#### YOUR GOAL
All entries are to be copied verbatim, while the pictures stay out.

____

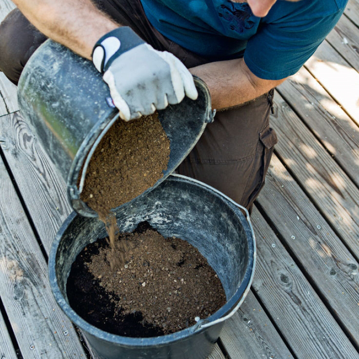 Blandingen laves 1:1, og mens mulden har til opgave at holde på fugtigheden, sørger sand/grus for, at jorden ikke bliver for kompakt.
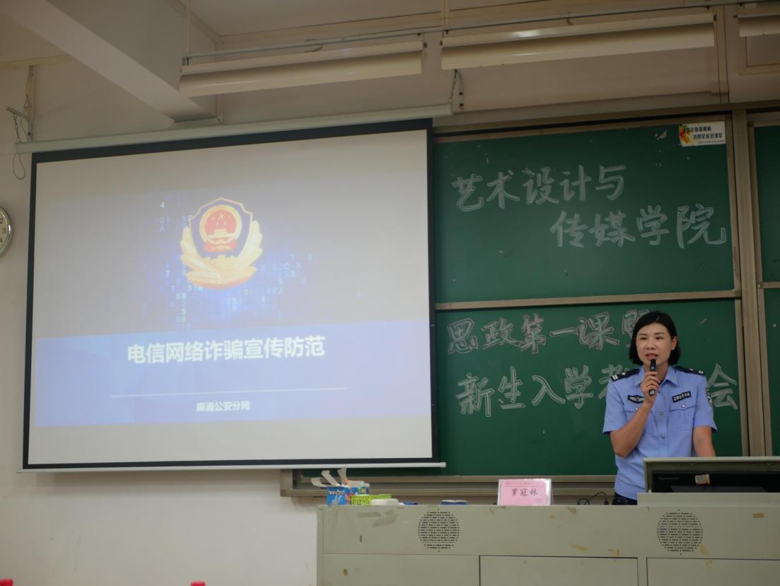 为深入开展校园防诈宣传,提高新生同学们的防诈骗意识和能力,开展楼防诈骗主题宣讲。讲座中,防诈骗宣讲警官从什么是网络电信诈骗、网络电信诈骗的现状和特点以及网络电信诈骗的常见类型三个方面,全方位教育学生如何避免被诈骗。
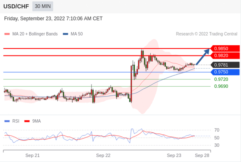 在 0.9750 之上,看涨,目标价位为 0.9820 ,然后为 0.9850 。
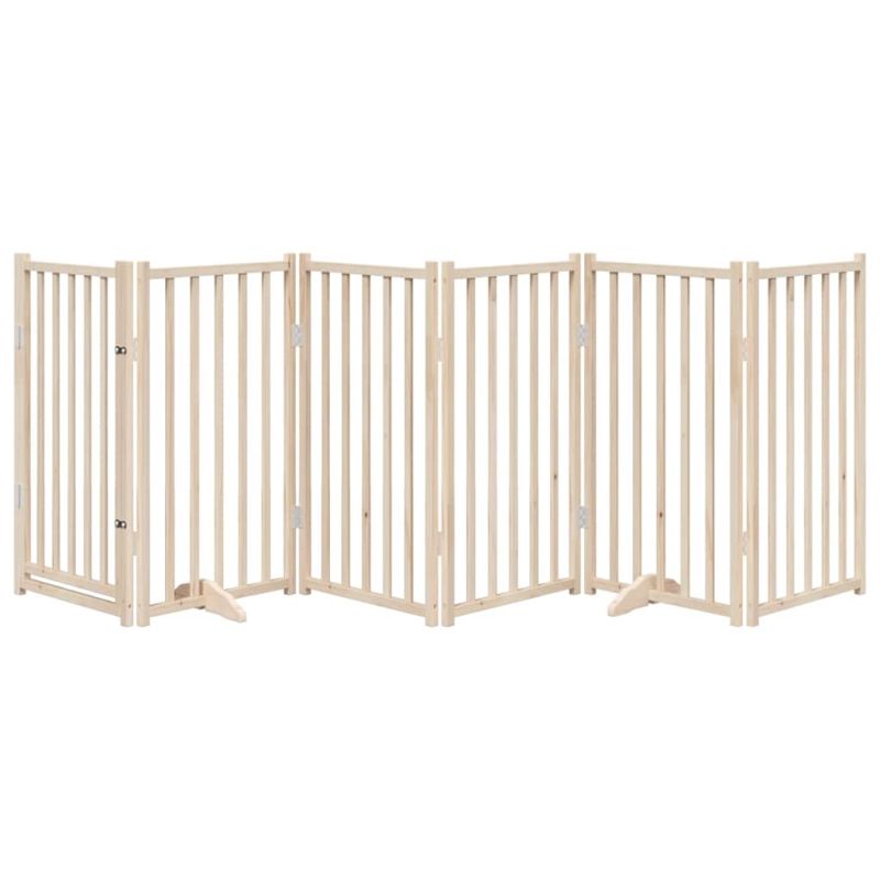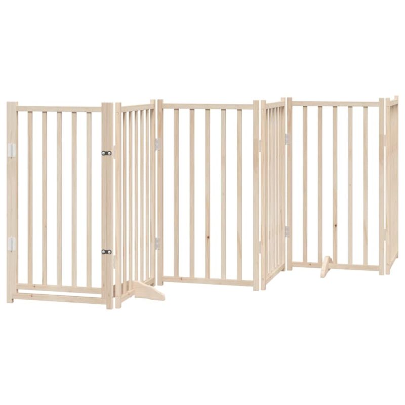Кучешка порта с врата, сгъваема, 6 панела, 300 см, масивна дървесина, ела
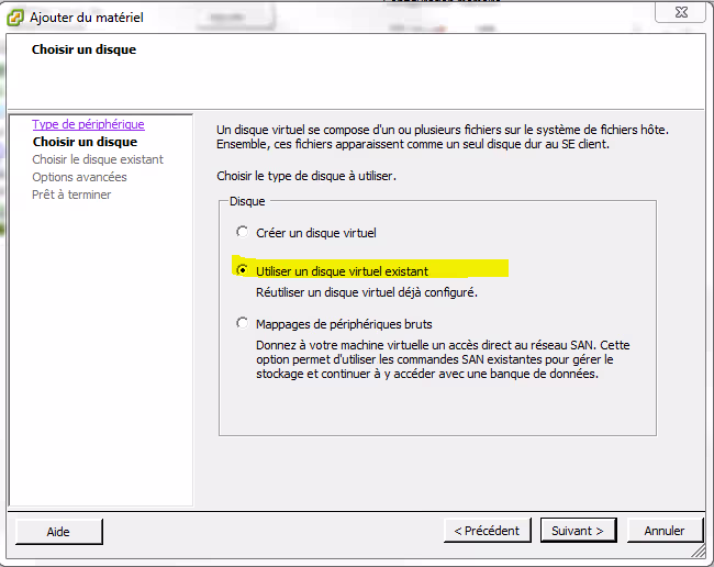 Ouvrir les paramètres de la machine virtuelle test_partage_vmdk_2, ajouter un nouveau périphérique (Disque dur) puis sélectionner « Utiliser un disque virtuel déjà configuré ».

____

#### OUTPUT FOR THIS TASK
 Blandingen laves 1:1, og mens mulden har til opgave at holde på fugtigheden, sørger sand/grus for, at jorden ikke bliver for kompakt.
 为深入开展校园防诈宣传,提高新生同学们的防诈骗意识和能力,开展楼防诈骗主题宣讲。讲座中,防诈骗宣讲警官从什么是网络电信诈骗、网络电信诈骗的现状和特点以及网络电信诈骗的常见类型三个方面,全方位教育学生如何避免被诈骗。
 在 0.9750 之上,看涨,目标价位为 0.9820 ,然后为 0.9850 。
Кучешка порта с врата, сгъваема, 6 панела, 300 см, масивна дървесина, ела
 Ouvrir les paramètres de la machine virtuelle test_partage_vmdk_2, ajouter un nouveau périphérique (Disque dur) puis sélectionner « Utiliser un disque virtuel déjà configuré ».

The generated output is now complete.